We have a 3 year old Neopolitan Mastiff coming to us on Friday that is overdue for being PTS. 

Our vets have kindly said they will hang onto him until Friday. We now need another foster for him.

If anyone could help who has experience with large breeds, please get in touch. He has a lovely temperament i'm told.

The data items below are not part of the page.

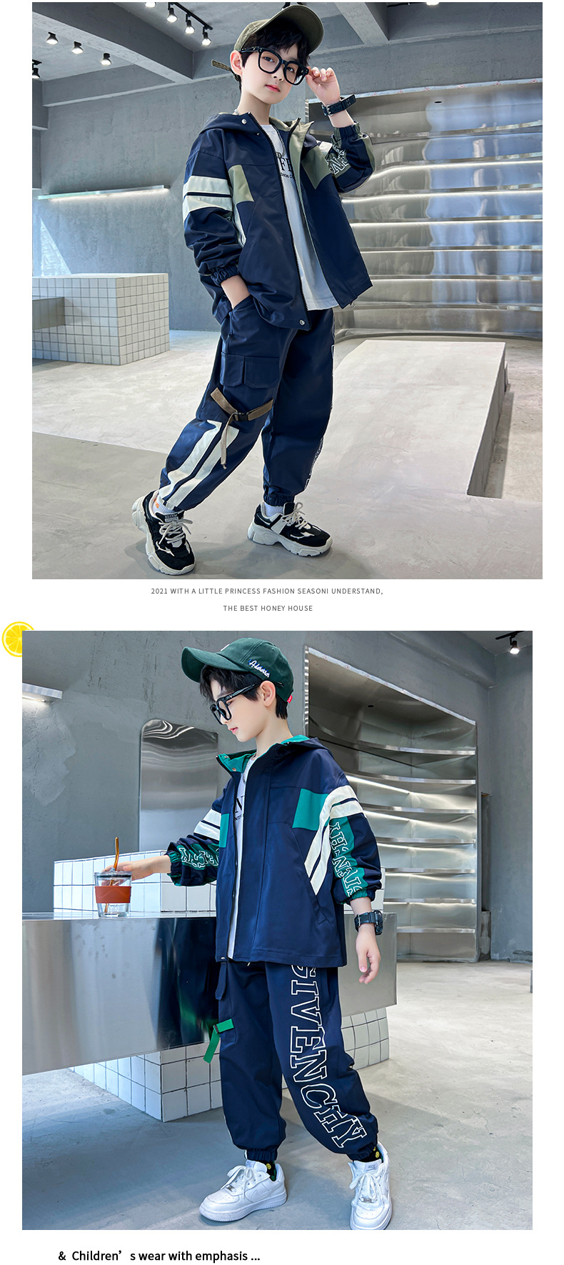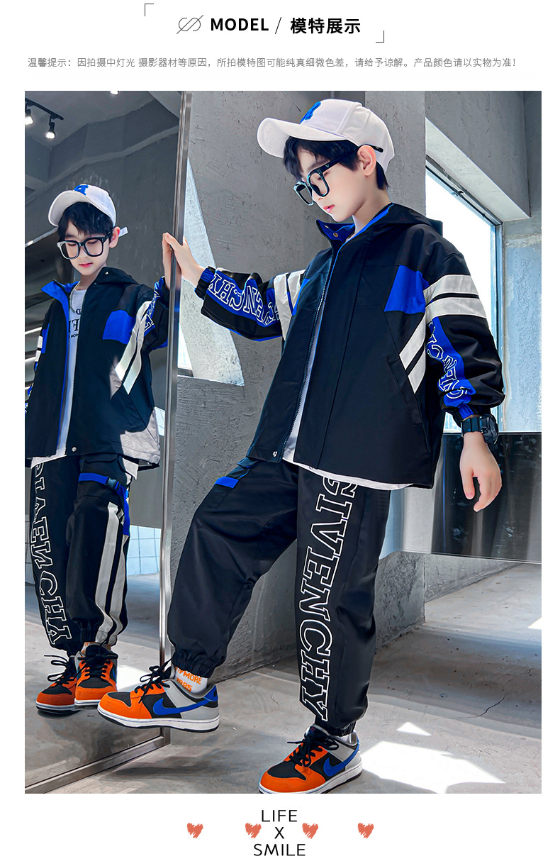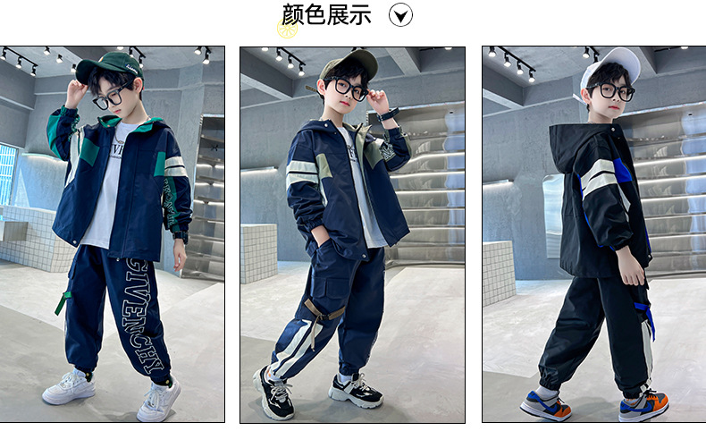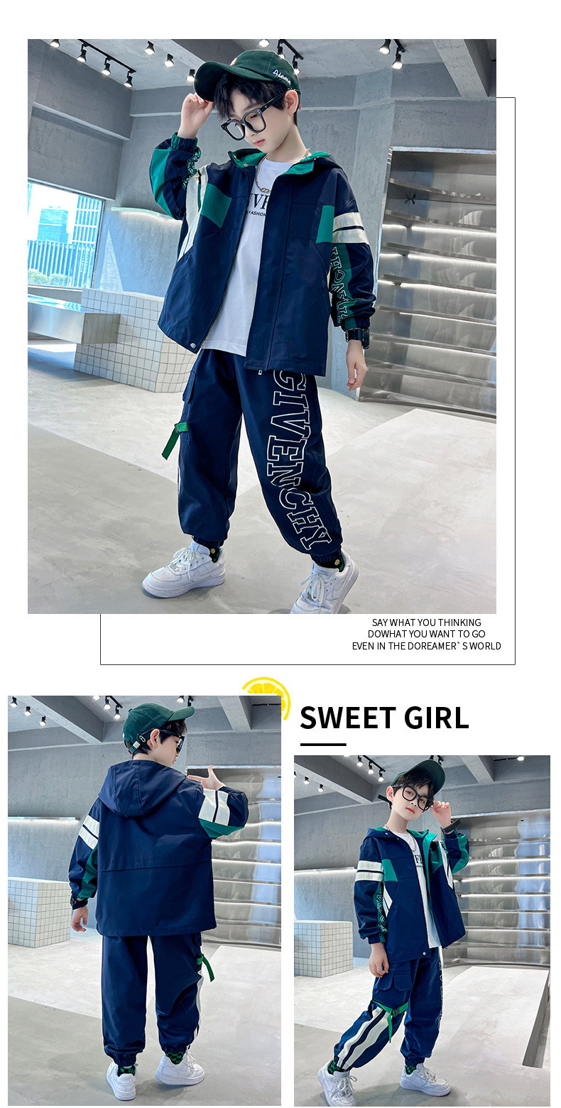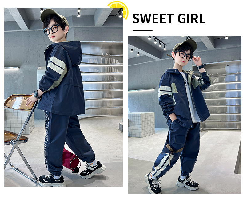 男童春款套装纯棉2024春季新款中大童男孩卫衣卫裤两件套纯棉条纹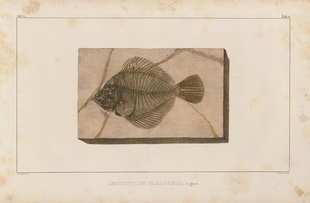 Louis Agassiz, bedeutender Naturforscher des 19. Jahrhunderts, gilt als einer der Begründer der modernen Paläontologie. Seine Leidenschaft für die Erforschung der Fossilien führte ihn dazu, Illustrationen zu erstellen, die zu Referenzen in diesem Fachgebiet wurden. Beeinflusst von den geologischen Entdeckungen seiner Zeit, verstand er es, wissenschaftliche Strenge mit künstlerischem Gespür zu verbinden. Recherches sur les poissons fossiles Pl027 ist ein perfektes Beispiel für seine Arbeit und zeugt von seinem Engagement, die vergangene Biodiversität zu dokumentieren und die Öffentlichkeit für den Schutz der Arten zu sensibilisieren.
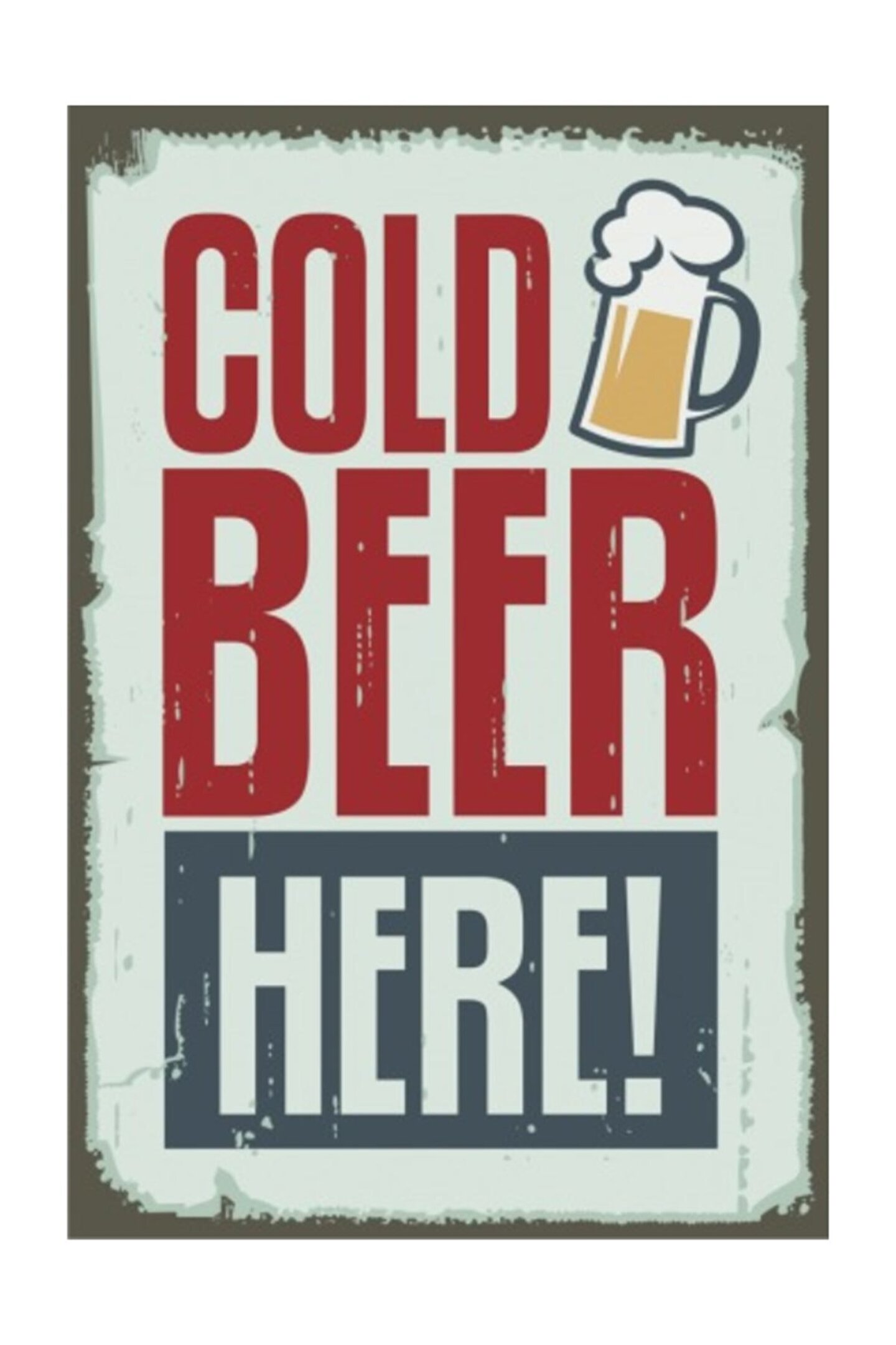 Hayat Poster Soğuk Bira Burada Retro Vintage Ahşap Poster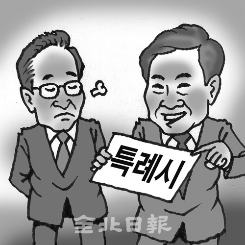 김 시장은 특례시 지정을 위해 시도지사협의회를 설득하겠다고 밝혔지만 쉽지 않아 보인다. 협의회 회장인 송 지사가 이미 모아진 시도지사들의 의견 번복에 적극 나설지도 미지수다. 결국 전주특례시 지정 문제는 향후 도정 원팀 협력과 지방선거 과정의 이슈로 이어질 가능성도 배제할 수 없어 보인다. 앞으로 진행될 국회의 특례시 법안 처리 과정이 주목되는 이유다. /강인석 논설위원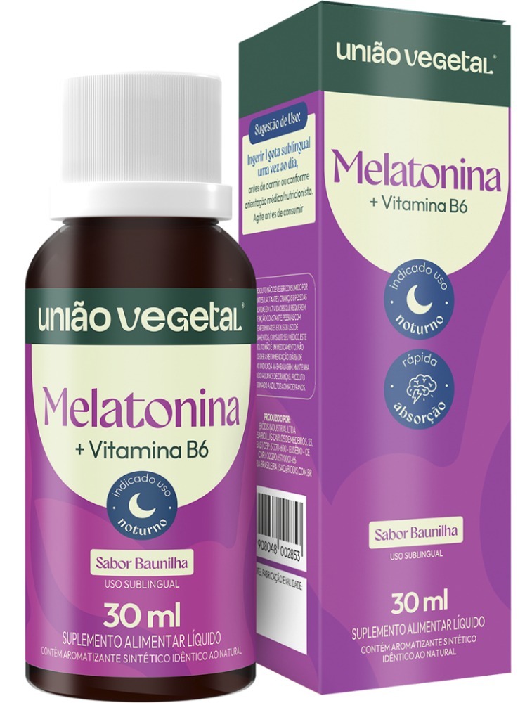 A fórmula da União Vegetal une melatonina e vitamina B6 em solução sublingual, com sabor baunilha e absorção rápida, ideal para a rotina noturna.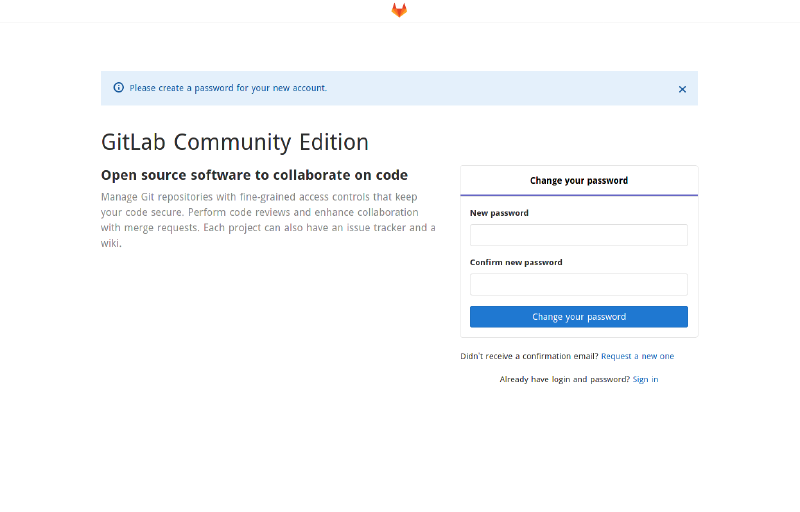 # gitlab-ctl reconfigure8 - Depois de reconfigurar o acesso web já vai estar disponível, quando você abrir o GitLab em seu navegador será solicitado criar uma senha.

I'm not sure on his neutering status etc so will update all this as i know more. 

Thanks


----------



## Cassia (May 28, 2011)

We have a Neopolitan mastiff living round the corner from us, he's a gentle giant.
Why on earth are they even considering putting him to sleep if he has a lovely temprement? It's so sad


----------



## ClaireandDaisy (Jul 4, 2010)

The first step would be to get in touch with the breeder, surely? Then Breed Rescue. Try here The UK Mastiff Discussion Forum • View forum - UKMastiff Rescue information( Inc. Mastiffs for homing)


----------



## SixStar (Dec 8, 2009)

Any idea what he is like with other dogs?


----------



## Sled dog hotel (Aug 11, 2010)

Just checked Bullmastiff and Neopolitan rescue website it says they are not opperating now, and suggest CANE CORSO UK & MOLOSSER RESCUE
or Large Breed Dog Rescue

Im pretty sure canecorso and molosser rescue have foster homes, if you really get stuck maybe one of these two can offer assistance. Most breed rescues I have dealt with seem to really care about their breeds and offer any assistance they can when ones in trouble.


----------



## Greenleaf Animal Rescue (Jun 28, 2011)

He has now found a new home living with a family with 7 acres of land on a farm. Thankyou for all the responses.


----------



## sullivan (Aug 29, 2008)

brill news.


----------



## SixStar (Dec 8, 2009)

Fantastic


----------